From 126cf7eccbf701e74e2804347882782d5f874f14 Mon Sep 17 00:00:00 2001
From: Tal Regev <tal.regev@gmail.com>
Date: Fri, 19 Jul 2024 12:17:55 +0300
Subject: [PATCH] GHA/windows: enable libssh in !ssl MSVC job

Closes #14232
---
 .github/workflows/windows.yml | 8 ++++++--
 1 file changed, 6 insertions(+), 2 deletions(-)

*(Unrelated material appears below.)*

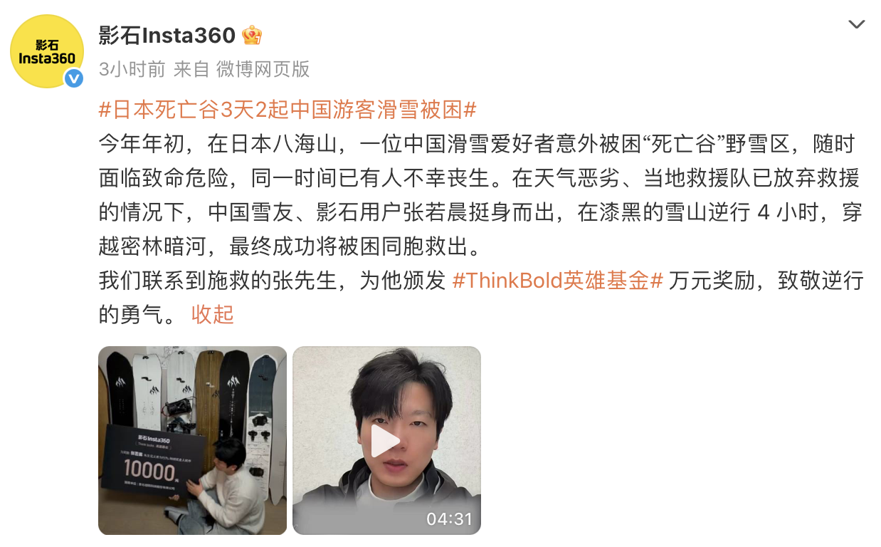 3月30日,影石Insta360通过「ThinkBold英雄基金」为张若晨颁发万元奖励。作为一名滑雪发烧友,张若晨长期使用影石全景相机拍摄滑雪视频并分享在社交平台,从记录日常到获得基金关注,这份特殊的联结让这场救援多了一层温暖的回响。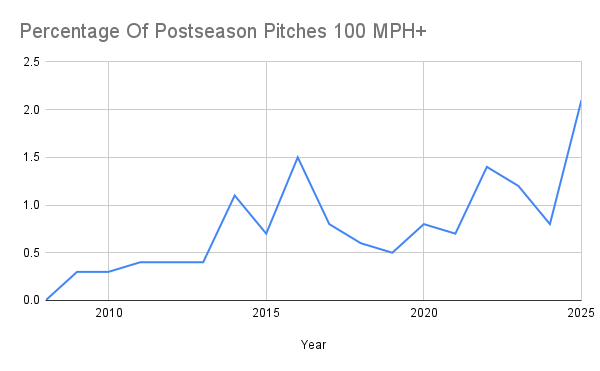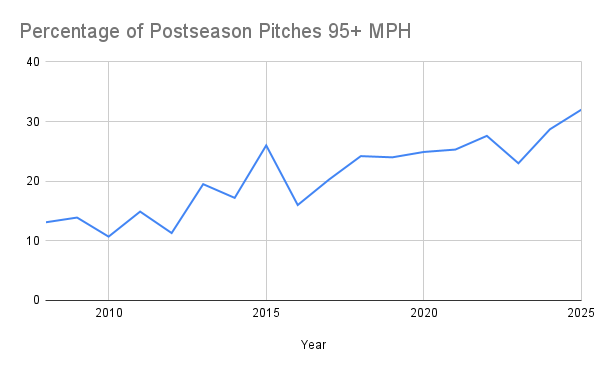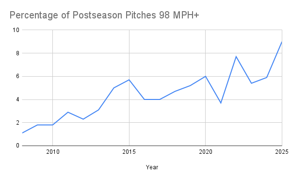 Sí, los datos de seguimiento de lanzamientos sólo se remontan a 2008. Pero teniendo en cuenta las tendencias, podemos afirmar sin temor a equivocarnos que nunca antes ha habido una postemporada con una velocidad tan alta como la que estamos viendo en 2025.

diff --git a/.github/workflows/windows.yml b/.github/workflows/windows.yml
index 4e33459e01..58f3ee8e02 100644
--- a/.github/workflows/windows.yml
+++ b/.github/workflows/windows.yml
@@ -530,12 +530,16 @@ jobs:
           tflags: '~1516 ~2301 ~2302 ~2303 ~2307'
           config: '-DENABLE_DEBUG=ON -DENABLE_UNICODE=OFF -DCURL_USE_SCHANNEL=OFF -DCURL_BROTLI=ON -DCURL_ZSTD=ON -DCURL_USE_LIBPSL=ON -DUSE_NGHTTP2=ON -DBUILD_SHARED_LIBS=OFF -DCURL_USE_LIBSSH2=ON -DCURL_USE_OPENSSL=ON -DUSE_HTTPSRR=ON -DUSE_ECH=ON'
         - name: '!ssl'
-          install: 'brotli zlib zstd libpsl pkgconf libidn2'
+          install: 'brotli zlib zstd libpsl pkgconf libidn2 libssh'
           arch: 'x64'
           plat: 'windows'
           type: 'Debug'
           tflags: '~1516 ~2301 ~2302 ~2303 ~2307'
-          config: '-DENABLE_DEBUG=ON -DENABLE_UNICODE=OFF -DCURL_USE_SCHANNEL=OFF -DCURL_BROTLI=ON -DCURL_ZSTD=ON -DCURL_USE_LIBPSL=ON -DHTTP_ONLY=ON -DUSE_LIBIDN2=ON'
+          # WARNING: libssh uses hard-coded world-writable paths (/etc/..., ~/.ssh/) to
+          #          read its configuration from, making it vulnerable to attacks on
+          #          Windows. Do not use this component till there is a fix for these.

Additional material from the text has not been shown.